Probablement commandé par le recteur Pedro Salazar de Mendoza (1549-1629), l'hôpital Tavera abrite une toile de Les larmes de Saint Pierre (Cette iconographie est considérée comme l'une des plus représentatives de l'exercice masculin du sacrement de pénitence, en raison de son repentir et de sa contrition. Saint Pierre, les yeux baignés de larmes en raison de son sentiment de culpabilité après avoir renié le Christ pendant la Passion, se tourne vers le haut pour implorer le pardon divin en entrelaçant ses mains dans un geste de prière intensément émouvant ; la demi-figure du saint se découpe sur un rocher avec du lierre, une plante traditionnellement associée à l'irritation et aux pleurs, un décor qui semble faire référence aux lieux naturels dans les déserts des saints pénitents tels que saint Jérôme et sainte Marie-Madeleine. À l'arrière-plan du tableau se trouve le tombeau du Christ après la Résurrection, avec l'Ange assis sur son couvercle et une figure d'homme - parfois interprétée comme celle du Christ ressuscité, mais plus probablement comme celle de saint Pierre lui-même après avoir visité le tombeau vide (Luc, XXIV ; Jean, XX) - et dans d'autres versions peut-être d'une femme, qui s'éloigne. Dans cette iconographie, le Greco aurait entremêlé deux passages de l'Évangile, celui de la visite de Simon Pierre au Golgotha (qui n'apparaît pas dans l'Évangile de Marc, XVI) et celui de la repentance de saint Pierre qui avait eu lieu avant la Crucifixion (Matthieu, XXVI ; Marc, XIV ; Luc, XXII) et qui sera clarifiée plus tard par l'inclusion dans la scène du coq chantant l'aube du Vendredi Saint ; les clés suspendues à son poignet gauche permettent de l'identifier clairement comme saint Pierre et comme fondateur de l'Église, confirmant le pardon qui émane de la pénitence, mais transgressent à nouveau la séquence chronologique de la narration de l'Évangile.

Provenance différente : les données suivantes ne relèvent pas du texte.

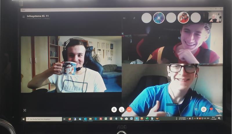 Bedingt durch Corona sitzen die 8 Schüler der 11. Klasse, die das Fach Informatiksysteme belegen, nun zuhause und müssen Aufgaben lösen, statt wie immer im Klassenraum nebeneinander vor ihren Laptops zu sitzen.
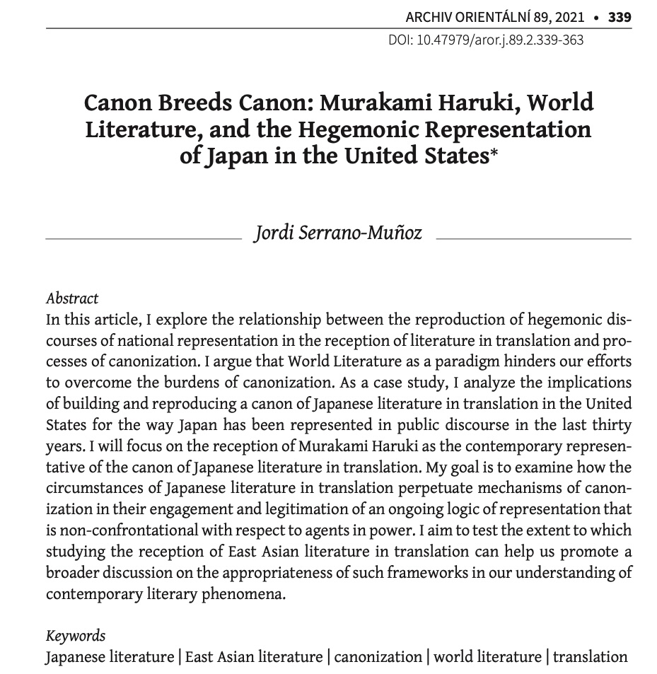 (2021) “Canon Breeds Canon: Murakami Haruki, World Literature, and the Hegemonic Representation of Japan in the United States“, Archiv orientální, 89 (2), 339-363. DOI: 10.47979/aror.j.89.2.339-363

À sa mort en 1629, Salazar de Mendoza conserve trois toiles de San Pedro, ".au sommet de la maison"Le tableau se trouvait également dans son "atelier" et son "bureau" dans les appartements du recteur de l'hôpital, bien qu'aucun d'entre eux - comme aucun de ceux de sa vaste collection - ne soit attribué à l'artiste ou, dans ce cas, que la typologie de son image soit spécifiée ; néanmoins, seule cette toile apparaît dans l'inventaire de 1762 des biens de l'hôpital.
Signée en bas à gauche en caractères grecs cursifs " `epoiei ", formule grecque similaire au latin " faciebat ", cette toile est une œuvre tardive dans la carrière du peintre crétois ; En ce sens, elle est proche des œuvres à l'iconographie et à la composition similaires de la cathédrale et du Museo del Greco de Tolède, ou de celle du San Diego Museum of Art de San Diego (États-Unis), tout en se distinguant des versions antérieures de ce sujet, peintes vers 1585-1590, comme celle du Bowes Museum de Barnard Castle à Durham (Royaume-Uni) [ ].
Avec cette composition, le Greco a apporté une contribution très personnelle à l'iconographie de la Contre-Réforme catholique, qui prônait la pratique régulière de la pénitence comme moyen d'obtenir le pardon des péchés et, en fin de compte, le salut. Le caractère sériel de l'œuvre de la Candiota, dont on connaît un grand nombre de versions, réduit les possibilités de l'hypothèse qui a cherché à lier le thème à la pénitence et au pardon des prêtres pécheurs et à faire allusion à la demande de pardon de l'archevêque de Tolède, Bartolomé Carranza de Miranda, accusé et condamné à Rome par la Sainte Inquisition pour hérésie. Bien que Salazar ait défendu le nom de Carranza en tant qu'historien et chanoine de la cathédrale, et qu'il ait écrit sa biographie pour le défendre ainsi que l'église de Tolède, ces motifs contingents ne semblent pas suffisants pour justifier cette iconographie très réussie.
Tout homme croyant peut s'identifier à Pierre dans son désir de pardon et pas seulement avant de souhaiter une bonne mort et une résurrection, à laquelle il est fait allusion à l'arrière-plan de la toile ; même dans l'hôpital de Tolède, qui s'occupait à la fois de la santé corporelle et du salut spirituel, un prêtre se tenait aux côtés de chaque mourant, le suppliant de faire pénitence et de se repentir de ses péchés avant de mourir, afin d'obtenir son salut éternel.